(Records supplied Opens)

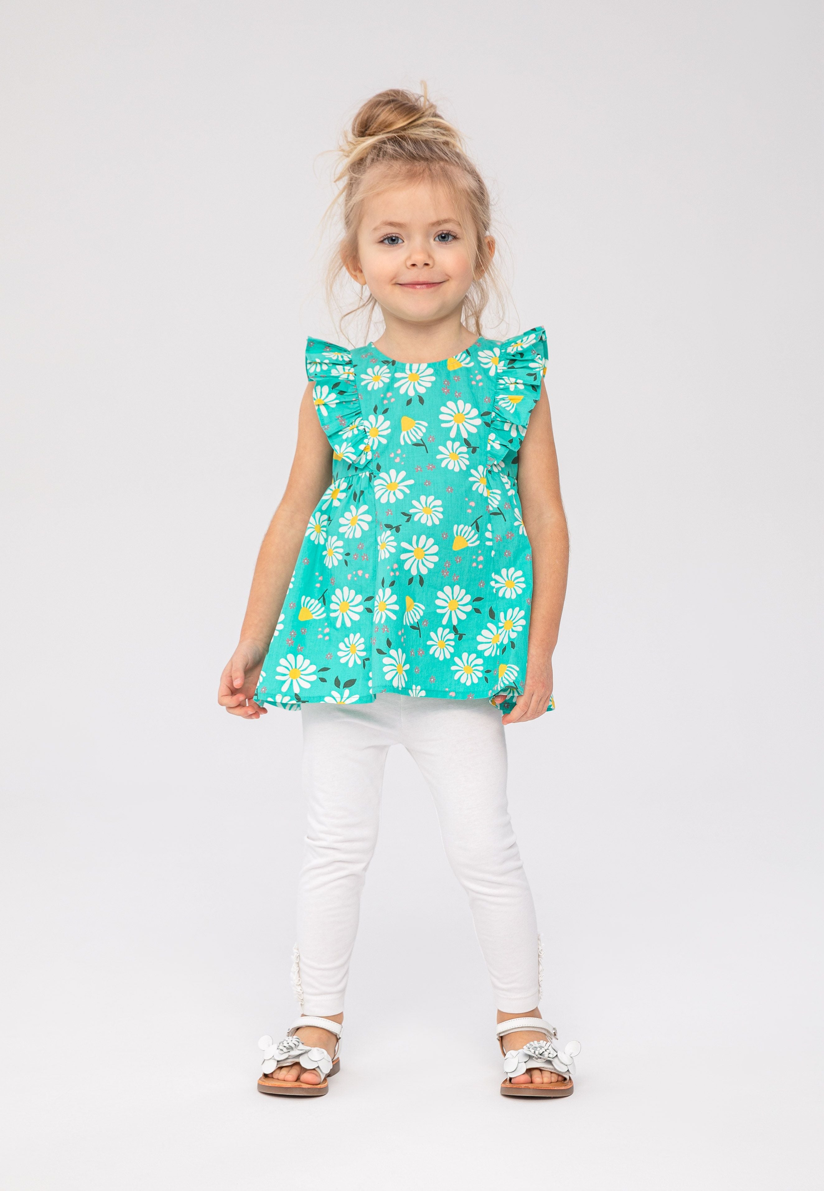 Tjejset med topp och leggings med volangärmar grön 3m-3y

(Records supplied Closes)
(Records supplied Opens)

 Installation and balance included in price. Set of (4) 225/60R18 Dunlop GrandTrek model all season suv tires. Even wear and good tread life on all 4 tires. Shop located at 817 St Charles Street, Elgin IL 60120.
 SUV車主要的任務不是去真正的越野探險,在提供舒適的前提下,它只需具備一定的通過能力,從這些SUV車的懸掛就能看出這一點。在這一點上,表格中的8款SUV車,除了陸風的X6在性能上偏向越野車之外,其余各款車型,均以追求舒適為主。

(Records supplied Closes)

Problem details: Within the data above, the lines from the one with "Installation and balance" to the one with "SUV車主要的任務不是去真正" must be repeated exactly; no other line belongs in the answer.

Answer to this problem:
 Installation and balance included in price. Set of (4) 225/60R18 Dunlop GrandTrek model all season suv tires. Even wear and good tread life on all 4 tires. Shop located at 817 St Charles Street, Elgin IL 60120.
 SUV車主要的任務不是去真正的越野探險,在提供舒適的前提下,它只需具備一定的通過能力,從這些SUV車的懸掛就能看出這一點。在這一點上,表格中的8款SUV車,除了陸風的X6在性能上偏向越野車之外,其余各款車型,均以追求舒適為主。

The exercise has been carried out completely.